Here's a rough framework for platform strengths:
- Text-first platforms: Breaking news and timely takes perform best
- Long-form platforms: Personal stories and deep dives get read and shared
- Short-form video: Algorithm-driven, so follower count matters less
Algorithm changes are constant and consequential. Posts that used to reach your followers reliably may now get buried. The only way to stay current is to observe your feed daily and track how engagement patterns shift.
My approach is relentless observation. Study what's working for others, analyze the format and framing, adapt it to your content, and iterate. It's not glamorous, but it's the most reliable path to growth.
SECTION 08
Solo App Developers Who Tell Stories Win
Nobody wants to see a product announcement. Feature lists and release notes don't spread unless the product is genuinely groundbreaking — and most aren't.
What indie developers can offer that companies can't is the story of who built it and why. When I publicly committed to quitting client work and going all-in on indie development, sharing that journey in real time gradually built an audience that cared about what I'd build next.
Accounts that attract followers share common traits:
- You can follow the journey as it unfolds in real time
- You see what works and what fails
- The person behind the product feels genuine and worth supporting
In many ways, indie developers are closer to artists than to startups. You share your creative vision, build an audience that resonates with it, and offer your work to people who already believe in what you're doing.
Consistent presence means your audience already has context when you launch something new. That's a fundamentally different — and far stronger — position than cold-announcing to strangers.

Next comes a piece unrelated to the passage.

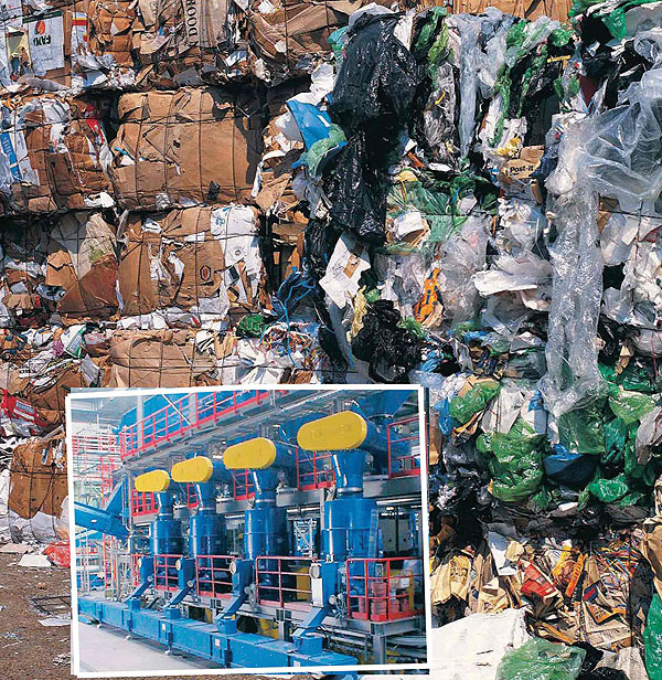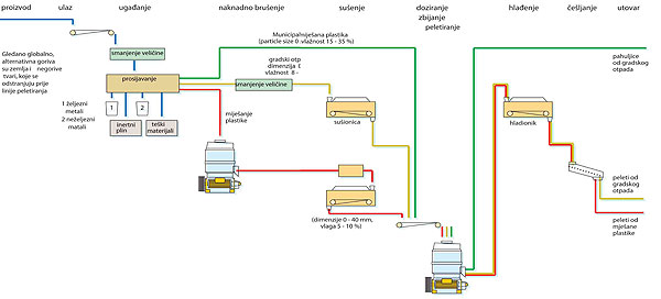 Definiciju komponenti i dimenzije osnovnog materijala, teško je odrediti - nehomogeni materijal. Danas mnoga reciklaža postrojenja koriste Kahlovu ravnu matricu Pelet-preše za peletiranje komunalnog otpada, komercijalnog smeća, odvojeno pomiješana plastika s visoko kaloričnom vrijednosti pretvara se u alternativna goriva u obliku peleta ili fluffa što pospješuje očuvanju izvora fosilnih goriva.

And it costs nothing.
SECTION 09
5 Steps You Can Take This Week
Here's how to translate everything above into action this week. The goal is to have your foundation in place within seven days.
Step 1: Define your target in one sentence. "People in [situation] who are struggling with [problem]." Trying to reach everyone means reaching no one.
Step 2: Pick one content theme and commit to consistency. Choose the intersection of what you know deeply and what your target audience wants to learn. If this drifts, your follower base fragments.
Step 3: Post one useful piece of information every day. Information first, opinions later. Formats that work well:
- Summarize something new in your field
- Share the results of something you tried
- Offer a specific insight from your own experience
Step 4: Watch the data and identify what resonates. Track engagement on each post and look for patterns. When something doesn't work, switch approaches quickly — the same principle that applies to product development applies here.
Step 5: Expand your best-performing posts into long-form content. Take what resonated in short form and develop it into blog posts, articles, or videos. Validating in short form first, then expanding, is the most efficient workflow.
SECTION 10
Slow Accumulation Beats Viral Moments
In indie development, aiming for steady accumulation of trust and traffic beats chasing viral moments. A single spike in attention has no lasting value without a system to retain those users.
One of my services grew its revenue month by month until it reached a point where I was able to sell it through M&A. The buyer wasn't interested because of a viral post — they cared that the product had a track record of real users and real revenue, built through sustained organic effort.

100 deeply engaged users are enough to ignite real growth. The question isn't how many followers you have — it's whether the people using your product genuinely care about it. The funnel design covered in this article is how you find those 100 people.
The era of "build it and they will come" is over. Building and distributing are equally important, and both need to be considered from the design phase. But you don't need an ad budget. You need the commitment to keep showing up and the discipline to keep improving based on what you observe.